Material provided:

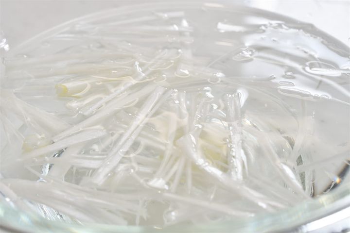 4. 冷水(または氷水)につけて辛味を抜く。
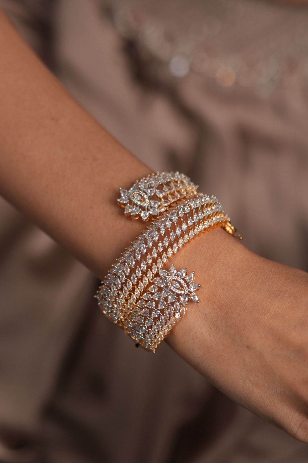 A gorgeous 3 leveled wrap around gold bracelet that looks grand and glamorous. Perfect for sangeet and cocktail nights, or simply to make heads turn
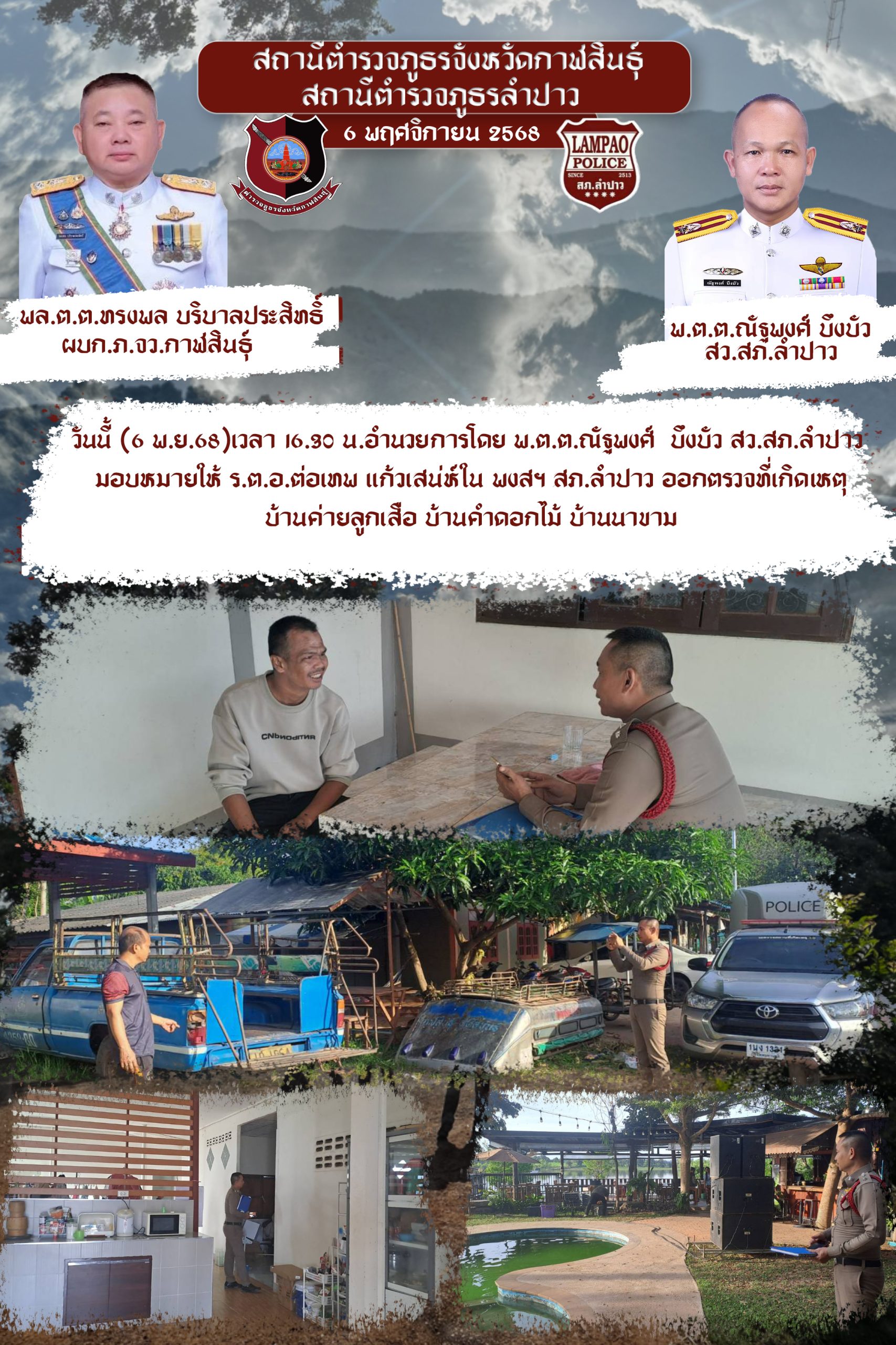 วันนี้ (6 พ.ย. 2568 เวลา 16.30 น.) อำนวยการโดย พ.ต.ต.ณัฐพงศ์ บึงบัว สว.สภ.ลำปาว มอบหมายให้ ร.ต.อ.ต่อ
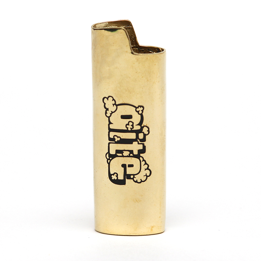 ゴールドのメッキにエンボスロゴが高級感あふれるBICのフリント式レギュラーサイズ用メタルライターケース。¥4,950
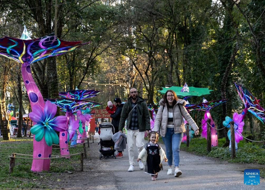 Visitors walk past lanterns during the International Lantern Festival "Lanternia" in Cassino, central Italy, Jan. 28, 2024. More than 300 Chinese lanterns made by artisans from Zigong, a southwest China's city famous for its lantern making, are exhibited here. Since its opening on Dec. 8, 2023, the lantern show has attracted approximately 80,000 visitors. (Xinhua/Li Jing)
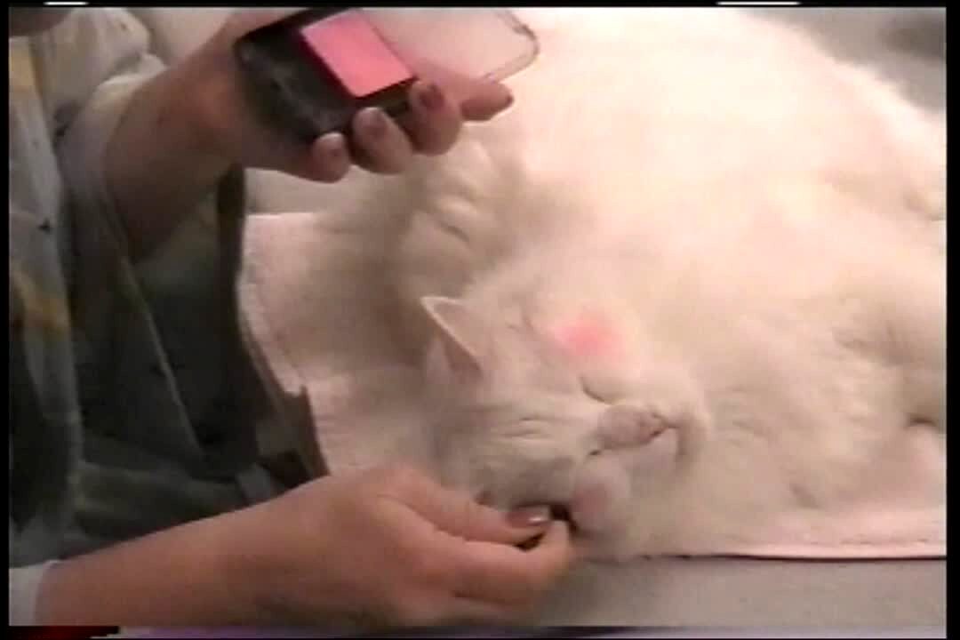 Woman puts pink blush / makeup on white cat with small brush. Cat just lays there upside down.
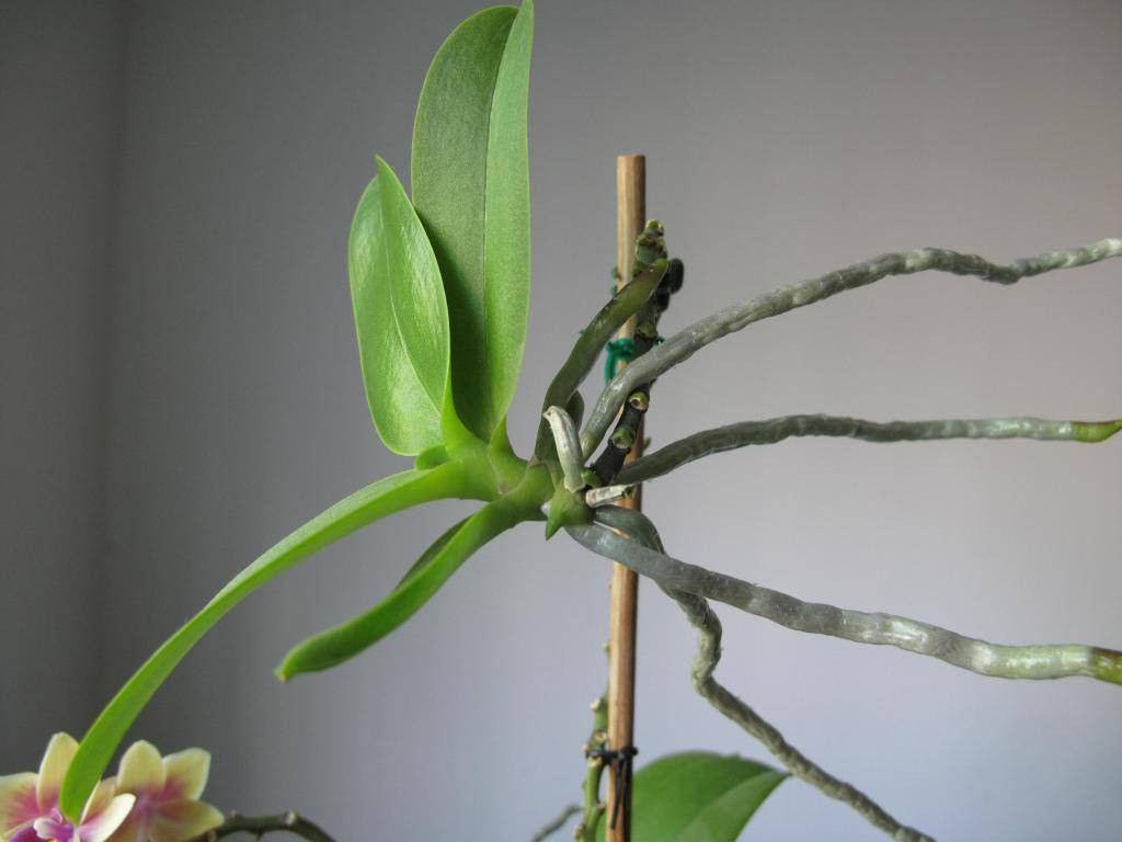 Бебето на орхидея на дръжка на външен вид наподобява малък процес с 2 или 3 листа. Коренът започва да расте много по-късно или може изобщо да не расте. Скоростта на растението на бебето зависи от правилната грижа за орхидеята. При правилния подход корените могат да се появят след 3 месеца, а в противен случай след шест месеца.
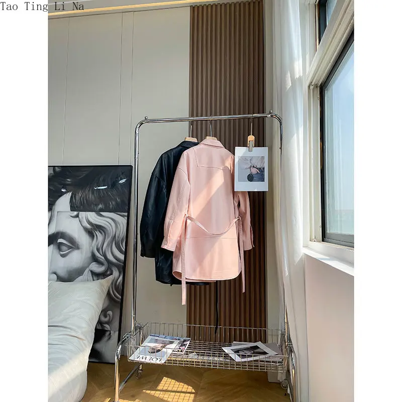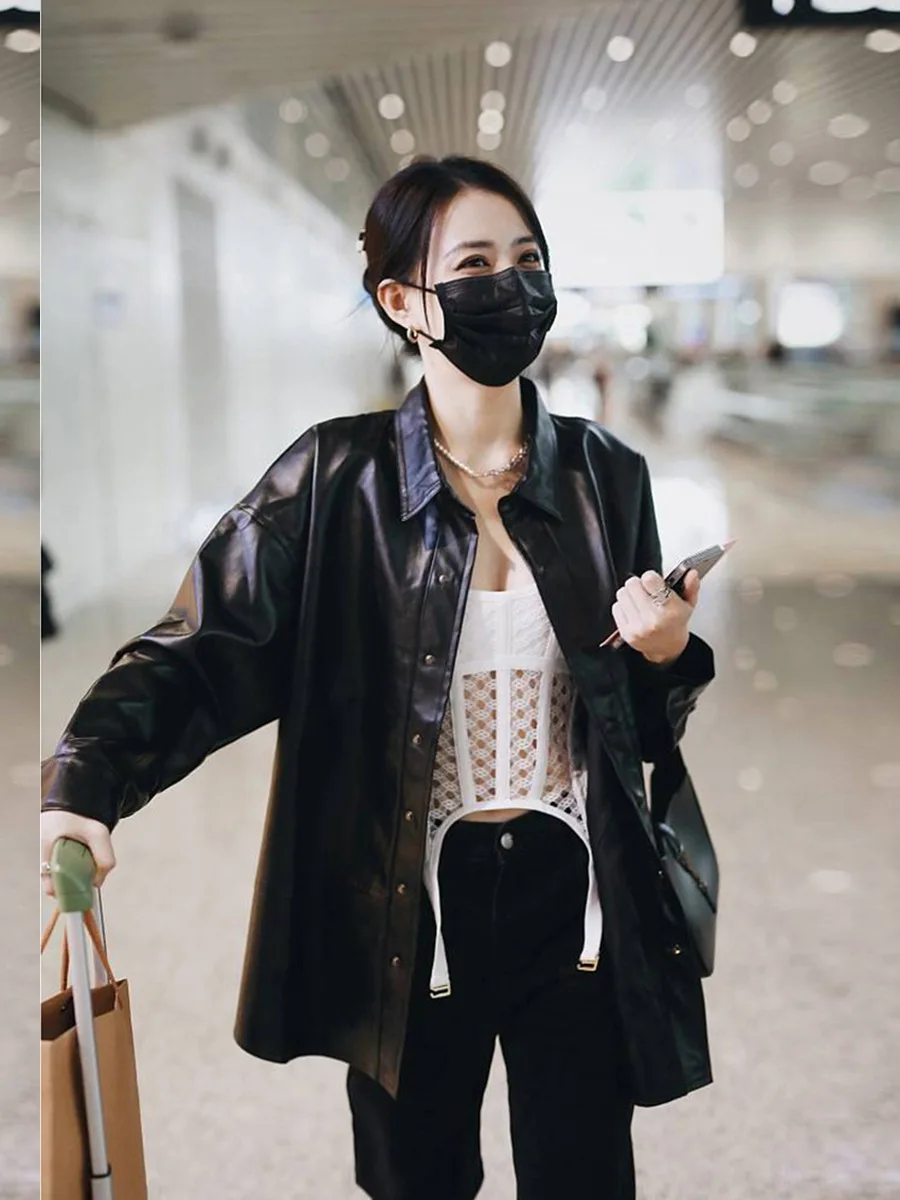 2023 Women New Spring Genuine Sheep Leather Coat Real Sheepskin Silhouette Jacket W28
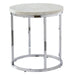 - Styling details include soft round shapes with white marble tops and chrome bases give tables a soft contemporary feel that will add sparkle to any room
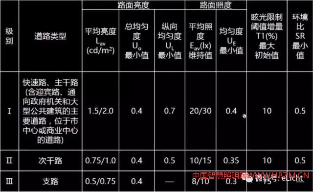 國家規(guī)定的機動車交通道路照明標準值
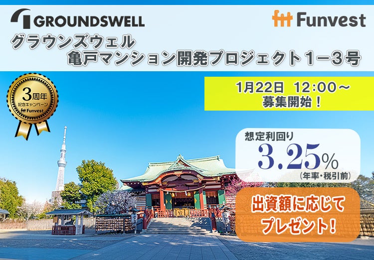 「未来をわかちあう投資」を提供する「Funvest(ファンベスト)」(以下、Funvest)は、「グラウンズウェル 亀戸マンション開発プロジェクト1-3号」(以下、本ファンド)の募集を1/22より開始しますので、お知らせいたします。
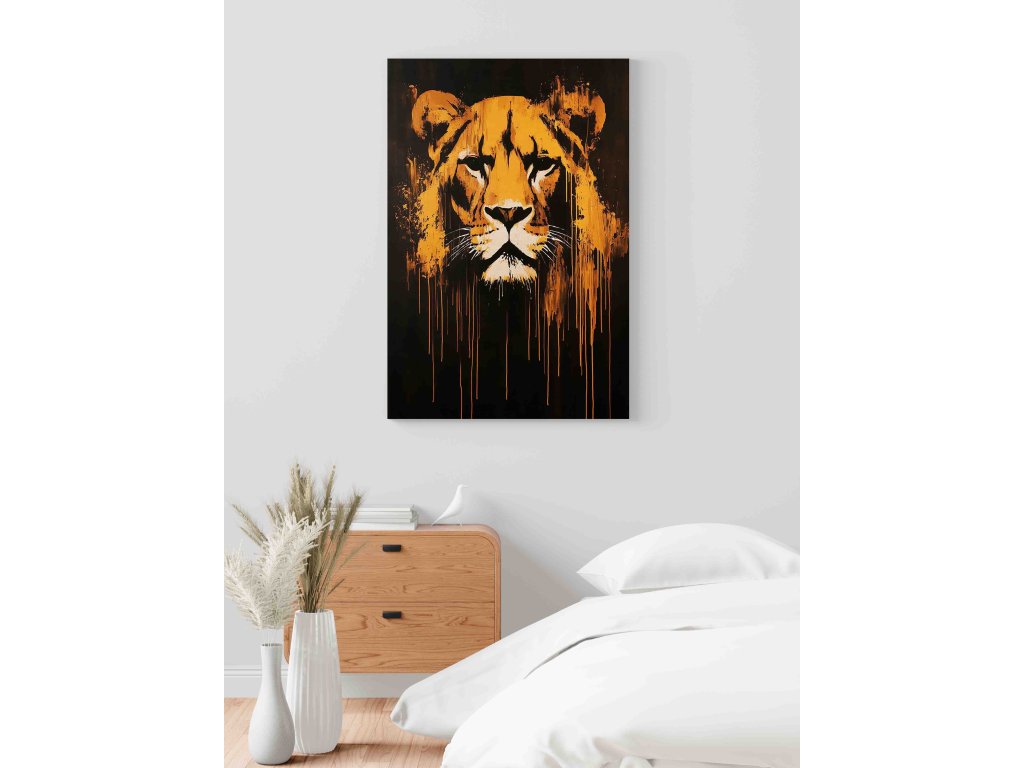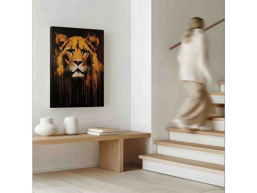 Královna ulice u vás doma. Tento obraz na plátně zobrazuje lvici ve stylu Urban Art, kde se klasická zvířecí krása mísí s prvky graffiti a pop-artu. Výrazné kontury a moderní barevné akcenty dodávají lvice dravost a styl, který v tradičních portrétech nenajdete. Ideální pro moderní ženy a muže, kteří hledají dekoraci s charakterem. Plátno je vytištěno v prémiové kvalitě, aby vynikla každá street artová čára.
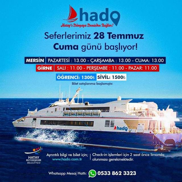 Türkiye’de belediye eliyle ilk uluslararası deniz yolcu taşımacılığı yapan Hatay Büyükşehir Belediyesi bünyesindek Hatay Deniz Otobüsü (HADO), ilk seferlerine Mersin Taşucu’ndan başlıyor.

Work order: Repeat all the records exactly, images excluded.

Task answer:
 4. 冷水(または氷水)につけて辛味を抜く。
 A gorgeous 3 leveled wrap around gold bracelet that looks grand and glamorous. Perfect for sangeet and cocktail nights, or simply to make heads turn
 วันนี้ (6 พ.ย. 2568 เวลา 16.30 น.) อำนวยการโดย พ.ต.ต.ณัฐพงศ์ บึงบัว สว.สภ.ลำปาว มอบหมายให้ ร.ต.อ.ต่อ
 ゴールドのメッキにエンボスロゴが高級感あふれるBICのフリント式レギュラーサイズ用メタルライターケース。¥4,950
 Visitors walk past lanterns during the International Lantern Festival "Lanternia" in Cassino, central Italy, Jan. 28, 2024. More than 300 Chinese lanterns made by artisans from Zigong, a southwest China's city famous for its lantern making, are exhibited here. Since its opening on Dec. 8, 2023, the lantern show has attracted approximately 80,000 visitors. (Xinhua/Li Jing)
 Woman puts pink blush / makeup on white cat with small brush. Cat just lays there upside down.
 Бебето на орхидея на дръжка на външен вид наподобява малък процес с 2 или 3 листа. Коренът започва да расте много по-късно или може изобщо да не расте. Скоростта на растението на бебето зависи от правилната грижа за орхидеята. При правилния подход корените могат да се появят след 3 месеца, а в противен случай след шест месеца.
 2023 Women New Spring Genuine Sheep Leather Coat Real Sheepskin Silhouette Jacket W28
 - Styling details include soft round shapes with white marble tops and chrome bases give tables a soft contemporary feel that will add sparkle to any room
 國家規(guī)定的機動車交通道路照明標準值
 「未来をわかちあう投資」を提供する「Funvest(ファンベスト)」(以下、Funvest)は、「グラウンズウェル 亀戸マンション開発プロジェクト1-3号」(以下、本ファンド)の募集を1/22より開始しますので、お知らせいたします。
 Královna ulice u vás doma. Tento obraz na plátně zobrazuje lvici ve stylu Urban Art, kde se klasická zvířecí krása mísí s prvky graffiti a pop-artu. Výrazné kontury a moderní barevné akcenty dodávají lvice dravost a styl, který v tradičních portrétech nenajdete. Ideální pro moderní ženy a muže, kteří hledají dekoraci s charakterem. Plátno je vytištěno v prémiové kvalitě, aby vynikla každá street artová čára.
 Türkiye’de belediye eliyle ilk uluslararası deniz yolcu taşımacılığı yapan Hatay Büyükşehir Belediyesi bünyesindek Hatay Deniz Otobüsü (HADO), ilk seferlerine Mersin Taşucu’ndan başlıyor.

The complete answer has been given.